↓

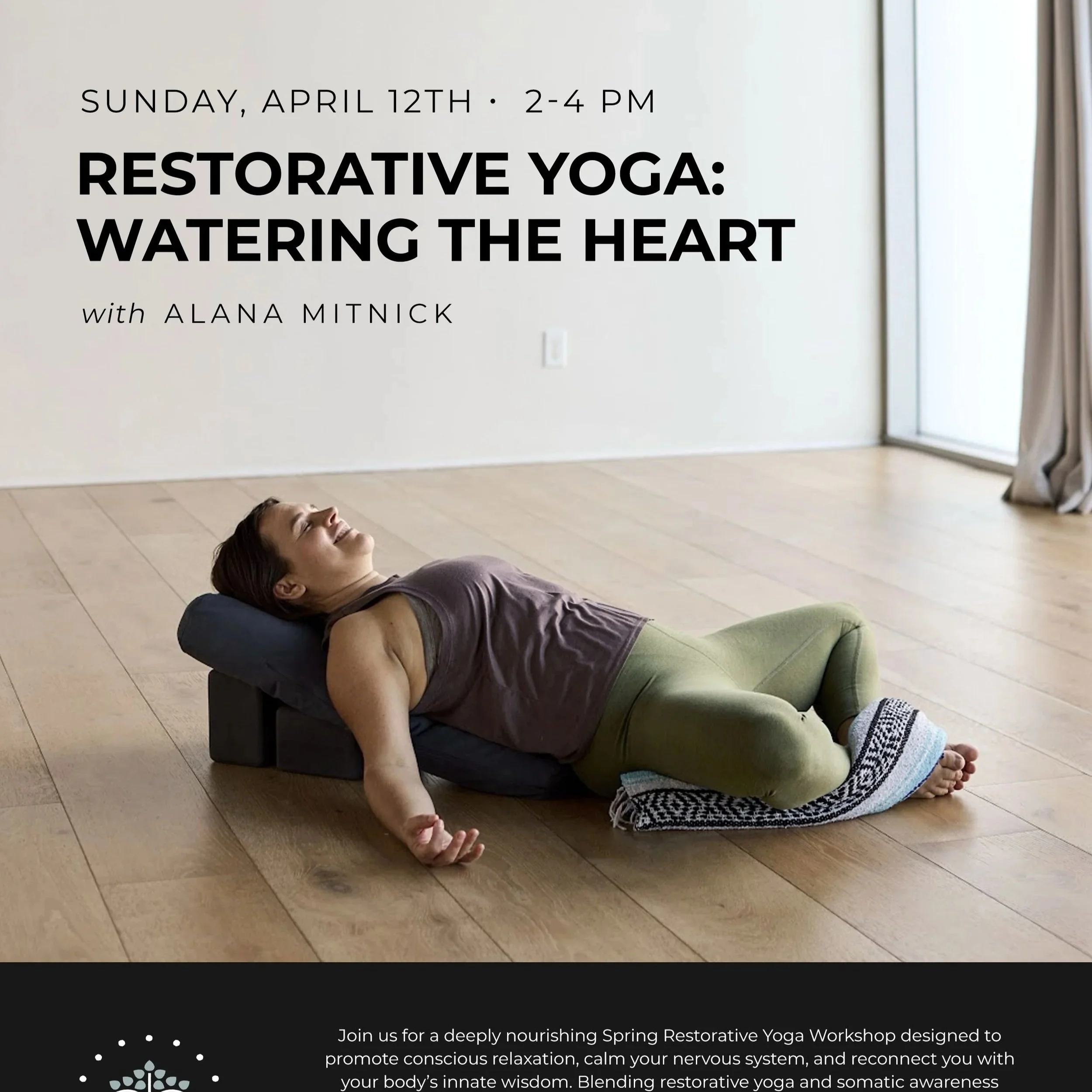 Join Alana Mitnick for a deeply nourishing Spring Restorative Yoga Workshop designed to promote conscious relaxation, calm your nervous system, and reconnect you with your body’s innate wisdom. Blending restorative yoga and somatic awareness practices, you’ll cultivate a sense of embodied presence and ease—deepening your relationship with yourself while fostering resilience from within. With the support of props, we’ll soften into long-held restorative postures, allowing the body to fully settle and receive. This spacious practice creates a container for rest, healing, and quiet introspection. Whether you are new to yoga or a seasoned practitioner, you are invited to pause, listen inward, and restore. You'll leave feeling grounded, rejuvenated, and more deeply attuned to your inner landscape.
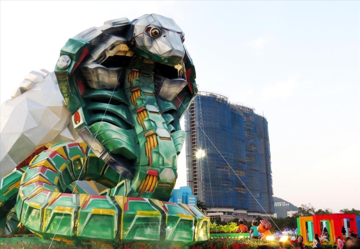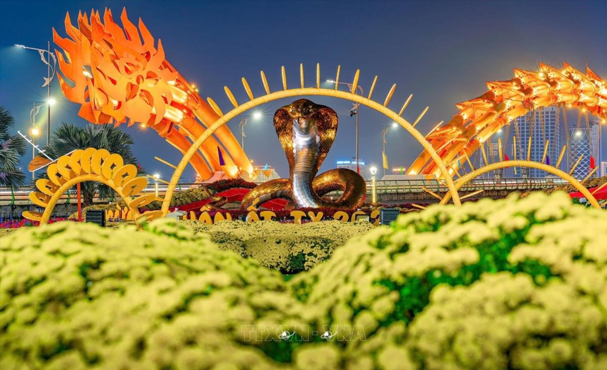 Linh vật năm Ất Tỵ được bố trí bên cạnh cầu Rồng (Đà Nẵng) được chế tác công phu, tỷ mỹ tạo nên lên vẻ đẹp hào nhoáng và uy nghiêm. Ảnh: Văn Dũng-TTXVN
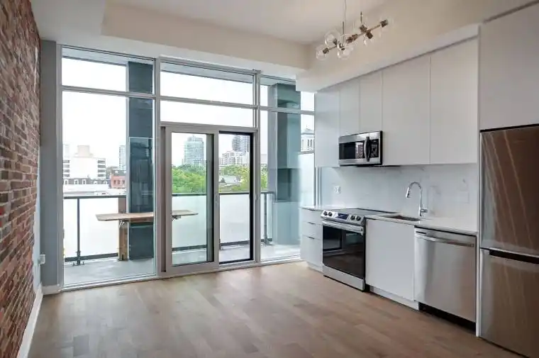 Stylish 1-Bedroom Loft style condo for Lease in Toronto’s Vibrant East End Minutes from the Historical Distillery District!Looking for a unique and modern space to call home? This beautifully updated1-bedroom suite is packed with character and charm perfect for urban professionals, creatives, or anyone craving a cool city vibe.Soaring 10’+ ceilings, an exposed brick feature wall, an open-concept layout gives this suite serious loft-style appeal. The sleek kitchen includes tall custom cabinets,quartz countertops, and a matching backsplash ideal for cooking or entertaining.The primary bedroom features a custom-built Murphy bed with a fold-down work desk, offering smart use of space and flexibility.Step outside to your own private balcony for morning coffee or a quiet evening to unwind. Just steps to the Distillery District, TTC transit, dog park, cafes, and shops.Quick access to the Gardiner Expressway and DVP, and only minutes to Leslieville And the iconic St. Lawrence Market. Don’t miss this rare opportunity to lease a one-of-a-kind suite in one of Toronto’s most dynamic Neighborhoods!
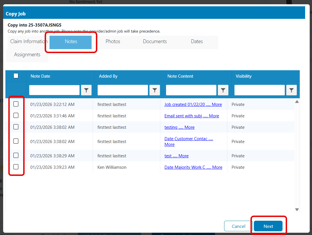 - Select the Notes tab. Check the notes you want to copy to the destination job or select all notes.
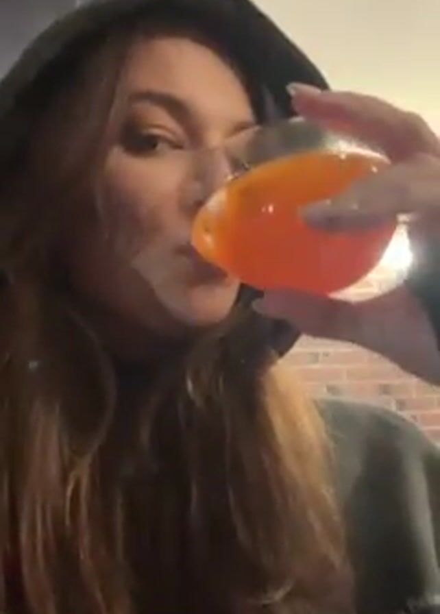 A woman is seen drinking a glass of orange liquid while wearing a black hooded sweatshirt. She has long brown hair and fair skin. The background appears to be an indoor space, possibly a garage or storage area, with visible brick wall segments. The lighting is somewhat dim and the camera angle is from a slightly low perspective. The woman pauses after drinking to make a kissing gesture towards the camera.
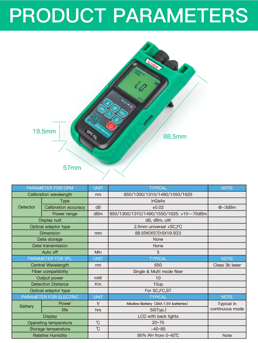 Handheld Komshine KPV-53 Optical power meter with 10mw VFL function OPM SC connector
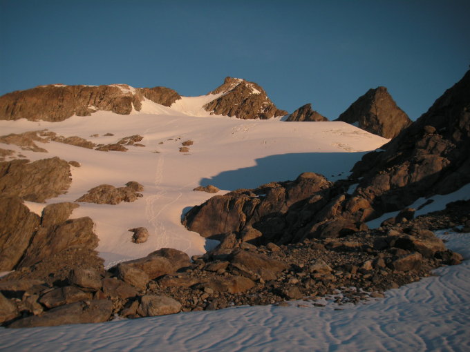 Von der Hütte ein kurzes Stück das Bachbett hoch, dann auf dem Pfad nach rechts (N), später nach W bis zu den Seen. An diesen links vorbei, Richtung W, den Steinmänchen folgend, eine Rinne hoch bis zur Rundbuckelzone südlich vom Chipfestock. Danach hoch zu Punkt 2724, entweder gemäss Route 558a (SAC Führer Hochtouren Berner Alpen) rechts um den Chipfestock oder, kürzer, links vom Chipfestock die Moräne hoch (teilweise Pfadspuren und Steinmänner). Ab ca. 2800m auf dem Gletscher weitersteigen. Den letzten steilen Firnhang entweder direkt W-wärts hoch oder, weniger steil, auf dem Firn-Ast nach SW hoch und via kl. Felsplateau (Frühstücksplatz) bis unterhalb des ersten Vorbaus (Gratturm). Über Platten und Geroll an den Vorbau. Gemäss Tour 558 klettert man links herum und steigt durch ein steiles Couloir auf den E Grat. Oder man umsteigt den Gratturm rechtsseitig auf einem schmalen Bändchen und klettert über eine plattige Verschneidung und Schutt auf den E Grat. Nun über den Grat mit Schutt (Schnee) und Felspartien (Gneis) via zwei kleinen Scharten zum Gipfel hoch gehen resp. klettern.
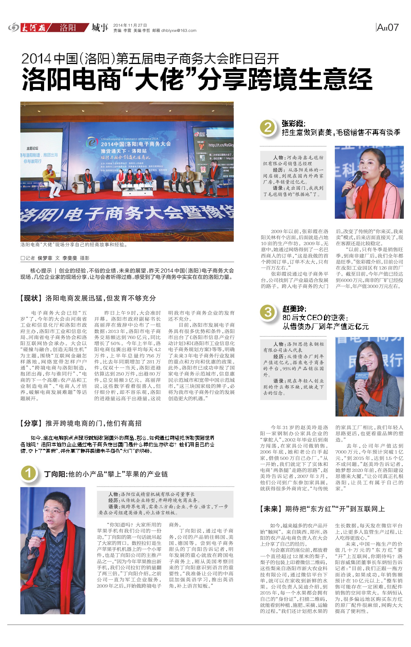 【核心提示】 創(chuàng)業(yè)的經(jīng)驗(yàn),不俗的業(yè)績(jī),未來(lái)的展望,昨天2014中國(guó) (洛陽(yáng)) 電子商務(wù)大會(huì)現(xiàn)場(chǎng), 幾位企業(yè)家的現(xiàn)場(chǎng)分享,讓與會(huì)者聽(tīng)得過(guò)癮, 感受到了電子商務(wù)中實(shí)實(shí)在在的洛陽(yáng)力量。
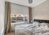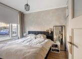 Slaapkamer aan de voorzijde circa 10 m² voorzien van moderne hout look laminaatvloer een vaste schuif wandkast.
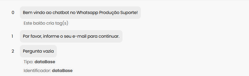 A função Base de dados funciona como um “validador” de informações. Ou seja, podemos inserir um ponto ao decorrer do fluxo do chatbot, onde iremos solicitar uma informação ao cliente/usuário final para que ele possa prosseguir.
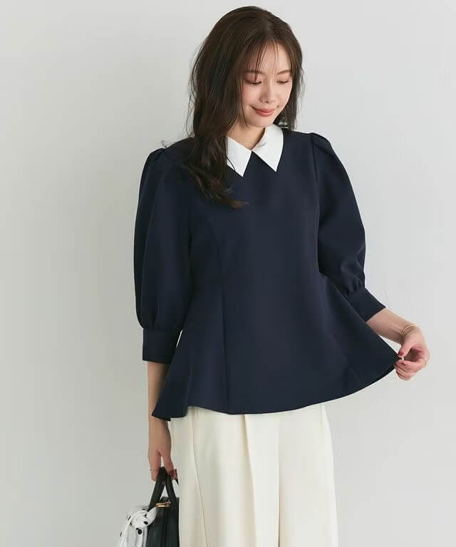 具体的には、ブラウスにフレアスカートやテーパードパンツを合わせたセパレートのコーディネートがおすすめ。
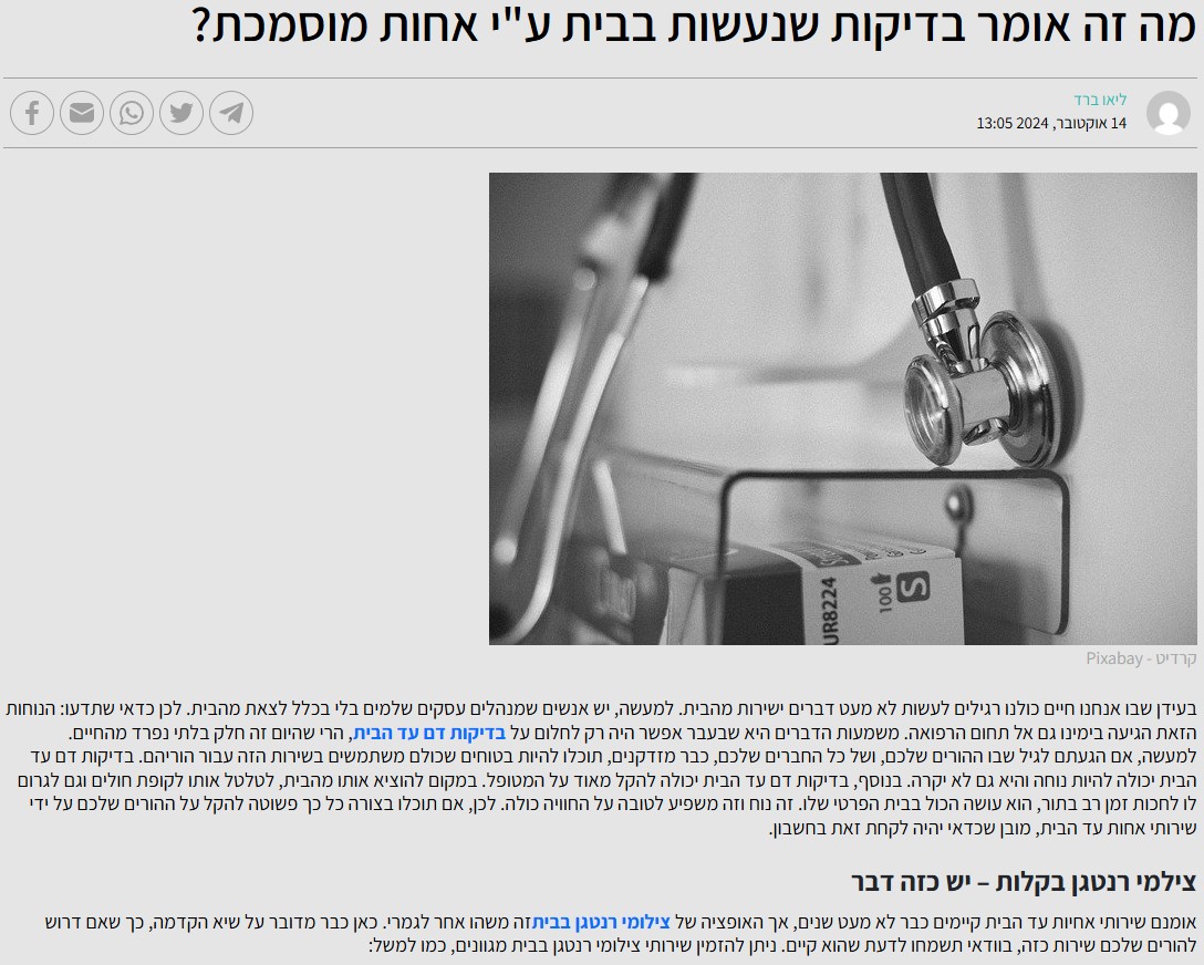 מה זה אומר בדיקות שנעשות בבית ע"י אחות מוסמכת?
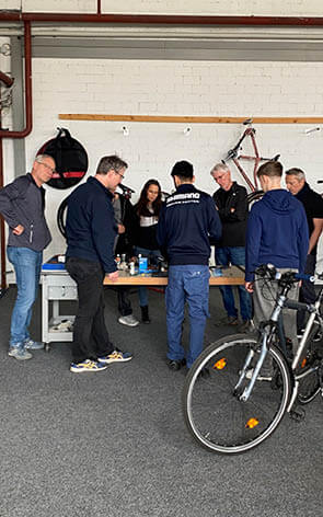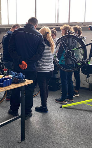 Ja, gerne! Wir üben direkt an Deinem Rad. In der Werkstatt stehen Dir aber auch diverse Übungsmaterialien wie Schläuche, Ketten, Laufräder und vieles mehr zur Verfügung.
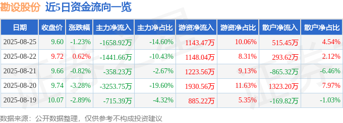 证券之星消息,截至2025年8月25日收盘,勘设股份(603458)报收于9.6元,下跌1.23%,换手率3.84%,成交量11.75万手,成交额1.14亿元。
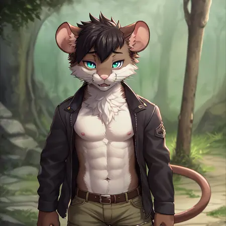 uploaded on e621, anthro, nsfw, explicit, explict, (rat, skaven:1), high res, (detailed realistic image:1), (detailed eyes, beautiful expressive eyes:1), impasto impressionism, insane details, soft, (hyper realistic fur:1), (detailed fur:1), pupils, (fur covered body), (male:1), (slightly chubby:1), (rat features, skaven features:1), (expressive face, detailed face:1), (realistic:1), (photorealistic, photo-realistic:1), nipples, belly button, full color, (3d:1), (highly detailed:1.2), masterpiece, 8k uhd, (suspicious expression:1), (back alley background), (full-length portrait), pants, open jacket, peeking around corner, (athletic:0.8), (two tone hair, anime hair:1), wielding pistol, dark fantasy art

↑

Exercise:
The expected output is every line of the data, unchanged, with the pictures skipped.

Result:
 Join Alana Mitnick for a deeply nourishing Spring Restorative Yoga Workshop designed to promote conscious relaxation, calm your nervous system, and reconnect you with your body’s innate wisdom. Blending restorative yoga and somatic awareness practices, you’ll cultivate a sense of embodied presence and ease—deepening your relationship with yourself while fostering resilience from within. With the support of props, we’ll soften into long-held restorative postures, allowing the body to fully settle and receive. This spacious practice creates a container for rest, healing, and quiet introspection. Whether you are new to yoga or a seasoned practitioner, you are invited to pause, listen inward, and restore. You'll leave feeling grounded, rejuvenated, and more deeply attuned to your inner landscape.
 Linh vật năm Ất Tỵ được bố trí bên cạnh cầu Rồng (Đà Nẵng) được chế tác công phu, tỷ mỹ tạo nên lên vẻ đẹp hào nhoáng và uy nghiêm. Ảnh: Văn Dũng-TTXVN
 Stylish 1-Bedroom Loft style condo for Lease in Toronto’s Vibrant East End Minutes from the Historical Distillery District!Looking for a unique and modern space to call home? This beautifully updated1-bedroom suite is packed with character and charm perfect for urban professionals, creatives, or anyone craving a cool city vibe.Soaring 10’+ ceilings, an exposed brick feature wall, an open-concept layout gives this suite serious loft-style appeal. The sleek kitchen includes tall custom cabinets,quartz countertops, and a matching backsplash ideal for cooking or entertaining.The primary bedroom features a custom-built Murphy bed with a fold-down work desk, offering smart use of space and flexibility.Step outside to your own private balcony for morning coffee or a quiet evening to unwind. Just steps to the Distillery District, TTC transit, dog park, cafes, and shops.Quick access to the Gardiner Expressway and DVP, and only minutes to Leslieville And the iconic St. Lawrence Market. Don’t miss this rare opportunity to lease a one-of-a-kind suite in one of Toronto’s most dynamic Neighborhoods!
 - Select the Notes tab. Check the notes you want to copy to the destination job or select all notes.
 A woman is seen drinking a glass of orange liquid while wearing a black hooded sweatshirt. She has long brown hair and fair skin. The background appears to be an indoor space, possibly a garage or storage area, with visible brick wall segments. The lighting is somewhat dim and the camera angle is from a slightly low perspective. The woman pauses after drinking to make a kissing gesture towards the camera.
 Handheld Komshine KPV-53 Optical power meter with 10mw VFL function OPM SC connector
 Von der Hütte ein kurzes Stück das Bachbett hoch, dann auf dem Pfad nach rechts (N), später nach W bis zu den Seen. An diesen links vorbei, Richtung W, den Steinmänchen folgend, eine Rinne hoch bis zur Rundbuckelzone südlich vom Chipfestock. Danach hoch zu Punkt 2724, entweder gemäss Route 558a (SAC Führer Hochtouren Berner Alpen) rechts um den Chipfestock oder, kürzer, links vom Chipfestock die Moräne hoch (teilweise Pfadspuren und Steinmänner). Ab ca. 2800m auf dem Gletscher weitersteigen. Den letzten steilen Firnhang entweder direkt W-wärts hoch oder, weniger steil, auf dem Firn-Ast nach SW hoch und via kl. Felsplateau (Frühstücksplatz) bis unterhalb des ersten Vorbaus (Gratturm). Über Platten und Geroll an den Vorbau. Gemäss Tour 558 klettert man links herum und steigt durch ein steiles Couloir auf den E Grat. Oder man umsteigt den Gratturm rechtsseitig auf einem schmalen Bändchen und klettert über eine plattige Verschneidung und Schutt auf den E Grat. Nun über den Grat mit Schutt (Schnee) und Felspartien (Gneis) via zwei kleinen Scharten zum Gipfel hoch gehen resp. klettern.
 【核心提示】 創(chuàng)業(yè)的經(jīng)驗(yàn),不俗的業(yè)績(jī),未來(lái)的展望,昨天2014中國(guó) (洛陽(yáng)) 電子商務(wù)大會(huì)現(xiàn)場(chǎng), 幾位企業(yè)家的現(xiàn)場(chǎng)分享,讓與會(huì)者聽(tīng)得過(guò)癮, 感受到了電子商務(wù)中實(shí)實(shí)在在的洛陽(yáng)力量。
 Slaapkamer aan de voorzijde circa 10 m² voorzien van moderne hout look laminaatvloer een vaste schuif wandkast.
 A função Base de dados funciona como um “validador” de informações. Ou seja, podemos inserir um ponto ao decorrer do fluxo do chatbot, onde iremos solicitar uma informação ao cliente/usuário final para que ele possa prosseguir.
 具体的には、ブラウスにフレアスカートやテーパードパンツを合わせたセパレートのコーディネートがおすすめ。
 מה זה אומר בדיקות שנעשות בבית ע"י אחות מוסמכת?
 Ja, gerne! Wir üben direkt an Deinem Rad. In der Werkstatt stehen Dir aber auch diverse Übungsmaterialien wie Schläuche, Ketten, Laufräder und vieles mehr zur Verfügung.
 证券之星消息,截至2025年8月25日收盘,勘设股份(603458)报收于9.6元,下跌1.23%,换手率3.84%,成交量11.75万手,成交额1.14亿元。
 uploaded on e621, anthro, nsfw, explicit, explict, (rat, skaven:1), high res, (detailed realistic image:1), (detailed eyes, beautiful expressive eyes:1), impasto impressionism, insane details, soft, (hyper realistic fur:1), (detailed fur:1), pupils, (fur covered body), (male:1), (slightly chubby:1), (rat features, skaven features:1), (expressive face, detailed face:1), (realistic:1), (photorealistic, photo-realistic:1), nipples, belly button, full color, (3d:1), (highly detailed:1.2), masterpiece, 8k uhd, (suspicious expression:1), (back alley background), (full-length portrait), pants, open jacket, peeking around corner, (athletic:0.8), (two tone hair, anime hair:1), wielding pistol, dark fantasy art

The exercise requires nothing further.